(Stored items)
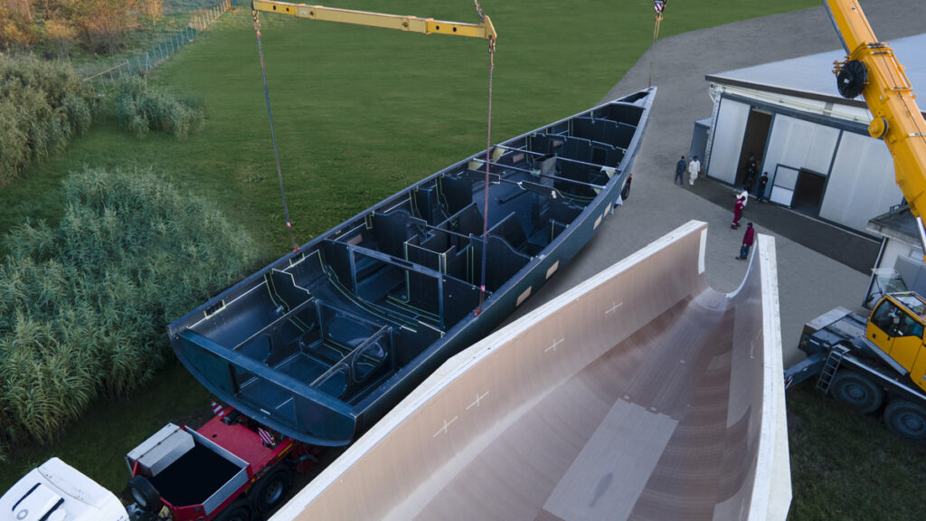 Dopo il demoulding, lo scafo è stato posato su un invaso e riposizionato al coperto per le successive fasi di lavorazione. Le maestranze stanno installando le paratie che divideranno lo spazio interno, i cablaggi elettrici, le tubature, i serbatoi e altri fondamentali impianti, mentre il ponte in carbonio è attualmente nello stampo.
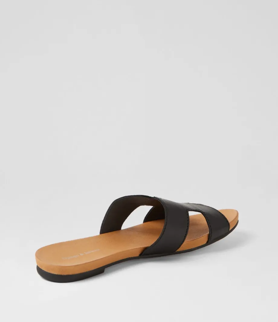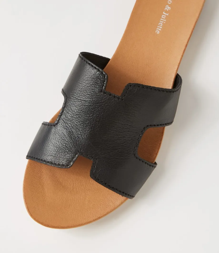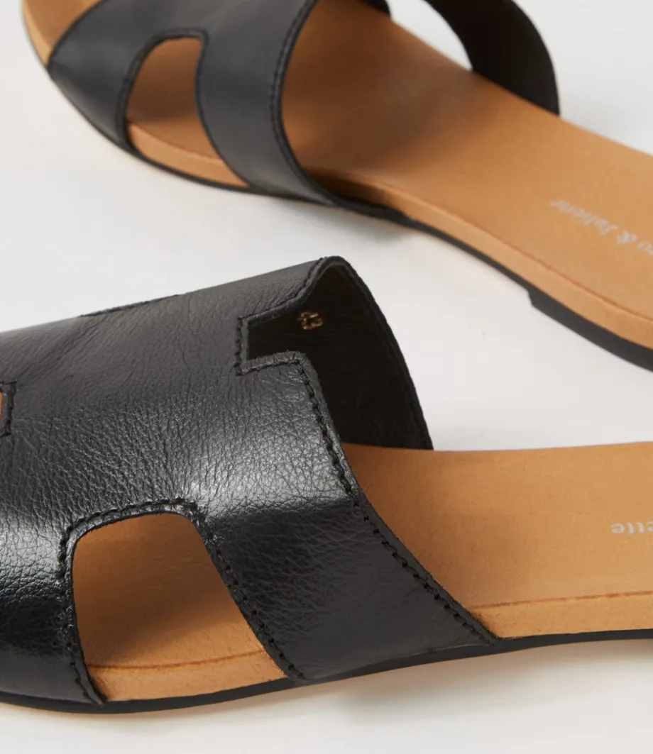 Jamel Black Leather Slides<DJANGO & JULIETTE Online
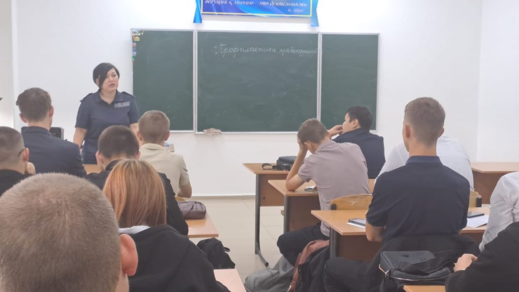 Іс-шараға кәмелетке толмағандар ісі жөніндегі аға инспектор Р.Б. Кендирбаева қатысты. Ол студенттердің әртүрлі құқық бұзушылықтар үшін әкімшілік және қылмыстық жауапкершілігі туралы толық айтып берді. Әңгіме барысында мынадай маңызды тақырыптар қозғалды:
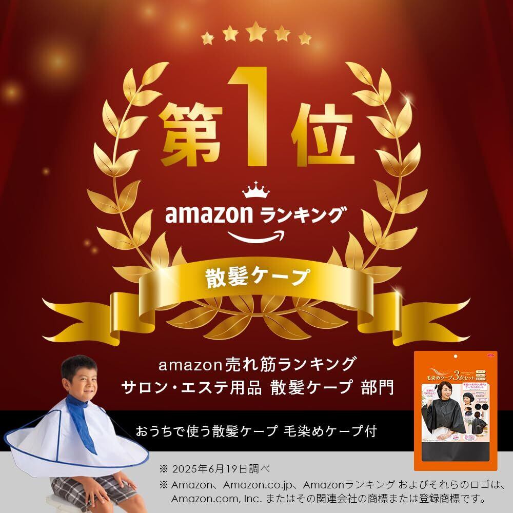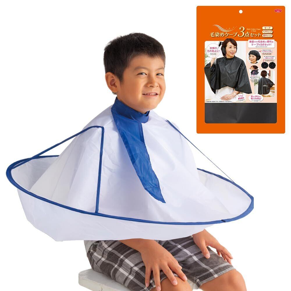 【毛染めケープ3点セット付】商品サイズ/前丈(約)46cm・後ろ丈(約)60cm、適応サイズ/首まわり:30~40cm、材質・成分/EVA樹脂、商品説明/家庭での毛染めに便利なケープ・ヘアキャップ・耳キャップの3点セット。肩から背中まで液ハネを防止!エリ付だから首もとを液だれの汚れからガードします。ワンタッチテープで着脱も簡単!衣類の汚れ防止に。
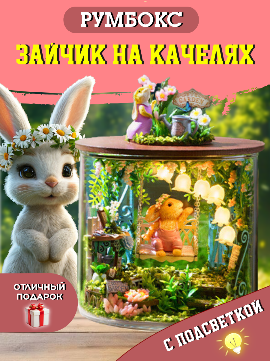Мини румбокс оранжерея, интерьерный конструктор, "Зайчик на качелях" своими руками интересное:
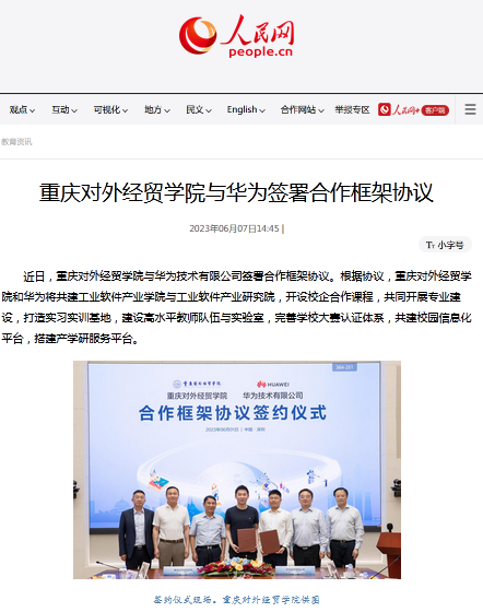 人民网:《重庆对外经贸学院与华为签署合作框架协议》
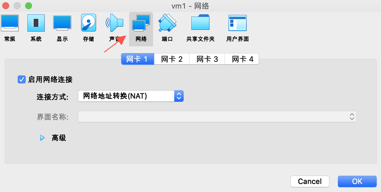 再选择网络,默认情况下只启用了一块网卡,为了满足后续的需求,我们需要再开启一块网卡:
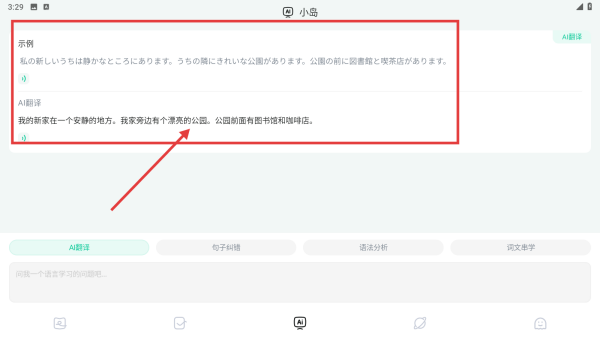 2、进入小岛页面,查看示例中日文对照及翻译内容,借助AI翻译等功能学习语言知识。
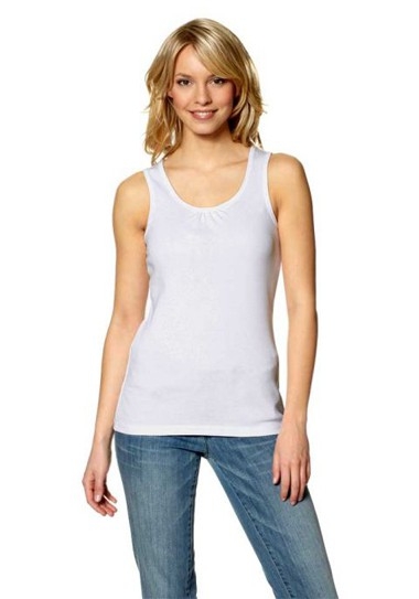 Ein tolles Duo im Doppelpack Für jede Gelegenheit der richtige Look. Ein weißes Top mit leichter Raffung am Ausschnitt. Ein Top mit effektvollem Frontdruck. Breitere Träger. Rippenblenden an Ausschnitt und Trägern. Figurbetonte Silhouette. Länge ca. 65 cm. Hochwertiger Jersey aus 100% Baumwolle.

→ **How to complete this task**
An exact copy of the lines above, from the first through the line that holds "Jamel Black Leather", is what is needed; leave the pictures out.

→ **Response area**
 Dopo il demoulding, lo scafo è stato posato su un invaso e riposizionato al coperto per le successive fasi di lavorazione. Le maestranze stanno installando le paratie che divideranno lo spazio interno, i cablaggi elettrici, le tubature, i serbatoi e altri fondamentali impianti, mentre il ponte in carbonio è attualmente nello stampo.
 Jamel Black Leather Slides<DJANGO & JULIETTE Online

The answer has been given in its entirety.